Герман Ларош так говорит об Одоевском: «…это был поэтический и кроткий старичок, очаровательно любезный, полный доброты, склонный к энтузиазму, приветливый ко всем, а в особенности к молодому таланту, и в то же время поражавший многосторонней учёностью и отзывчивостью. Кабинет его, полный книг, музыкальных инструментов, чучел и каких-то непонятных нам физических аппаратов, походил на комнату Фауста. Да и сам Одоевский со своей ненасытной жаждой знания и идеальным полётом души имел в себе нечто фаустовское. При этом он любил общество и хотя был небогат, охотно давал маленькие обеды, к которым иногда сам приготовлял какое-нибудь экстренное, выдуманное им блюдо. По пятницам вечером у него собирались гости, и здесь наряду с великосветской красавицей, приехавшей в вырезном лифе, можно было видеть скромных учёных, артистов, даже учеников консерватории, одетых, во что Бог послал. Хотя княгиня всегда присутствовала, но чай князь делал сам, причем словесно учил, как наливать; сначала класть сахар, потом лимон, потом налить горячей воды и уже потом крепкого чая. В музыке он не принадлежал ни к какой партии: как его двери для всех сословий, так его сердце было открыто для всякого серьёзного направления. Кажется, что при своей энциклопедической отзывчивости, живости ума и склонности во всем находить хорошее, он и сам затруднился бы сказать, какое из современных направлений ему больше нравится. Влияния на молодое поколение он не имел никакого, для этого требуется энергия и резкость, соединенные с некоторою односторонностью, качества чуждые его богатой и уступчивой натуре».

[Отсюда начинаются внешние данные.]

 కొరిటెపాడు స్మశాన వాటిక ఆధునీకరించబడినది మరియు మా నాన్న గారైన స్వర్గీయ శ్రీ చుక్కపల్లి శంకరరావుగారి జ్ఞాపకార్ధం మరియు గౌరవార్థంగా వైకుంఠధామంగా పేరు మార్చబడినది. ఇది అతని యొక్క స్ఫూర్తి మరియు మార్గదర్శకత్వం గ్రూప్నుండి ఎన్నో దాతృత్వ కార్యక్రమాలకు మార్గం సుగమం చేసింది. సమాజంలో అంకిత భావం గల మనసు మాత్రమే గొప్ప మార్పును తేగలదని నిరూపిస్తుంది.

Князь Одоевский с большой симпатией принял Чайковского под своё покровительство. Пётр Ильич был горд этим вниманием и всю жизнь благоговел к памяти князя, поощрявшего его первые шаги на композиторском поприще. В 1878 г. в одном из писем он так говорит о князе Одоевском: «Это одна из самых светлых личностей, с которыми меня сталкивала судьба. Он был олицетворение сердечной доброты, соединённой с огромным умом и всеобъемлющими знаниями, между прочим, музыки. Мне кажется, что ещё так недавно видел я его благодушное и милое лицо! За четыре дня до смерти он был на концерте, где исполнялась моя оркестровая фантазия «Фатум» – очень слабая вещь. С каким благодушием он мне сообщил свои замечания в антракте. В консерватории хранятся «тарелки», подаренные мне им и им самим отысканные где-то. Он находил, что я обладаю умением кстати употреблять этот инструмент, но был недоволен самим инструментом. И вот, чудный старичок пошёл бродить по Москве – отыскивать тарелки, которые и прислал при прелестном, хранящемся у меня письме».

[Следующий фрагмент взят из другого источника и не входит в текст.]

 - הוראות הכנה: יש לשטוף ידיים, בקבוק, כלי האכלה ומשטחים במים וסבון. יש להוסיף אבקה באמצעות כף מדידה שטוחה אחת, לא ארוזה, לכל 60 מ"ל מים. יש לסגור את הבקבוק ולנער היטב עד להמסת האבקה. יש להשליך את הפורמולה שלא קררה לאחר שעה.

Вот это письмо князя В. Ф. Одоевского к П. Чайковскому от 9-го февраля 1869 г.:
«Многоуважаемый Пётр Ильич! Я уже, кажется, вам говорил, что театральный «тарелыцик» портит вашу прелестную музыку безобразными ударами, за что я даже долгом счёл сделать отеческое внушение ему, что, по-настоящему, было бы прямым делом г. капельмейстера: он бьет в piatti по-балаганному, а не косвенно, тогда как лишь в косвенном направлении piatti дают хотя колокольный (смешанный), но все же музыкальный звук, который (т. е. господствующий) я даже поймал в резонатор. Правда, что театральные тарелки зазубрены (ebreches) и трудно их бить как следует. На таковом основании и в награду за ваше хорошее поведение (т. е. за мастерское сочинение музыки «Воеводы») позвольте поднести вам «пару тарелок», которые я выбрал с нарочитым тщанием; их звук, по резонатору, между фа и соль (как мне слышится, по крайней мере эти звуки господствуют). Делайте с ними, что хотите, велите употреблять при представлении вашей оперы, дайте в распоряжение консерватории – словом, спорить и прекословить не буду. Если же и затем «тарелыщик» будет бить в прямом направлении (когда именно в партитуре не обозначено, что требуется сухой звук) то, поелику это инструмент «турецкий», то и по «турецкому обычаю» (alia turca) следует наказать его, т. е. посадить на кол.
Всею душою уважающий вас кн. В. О.».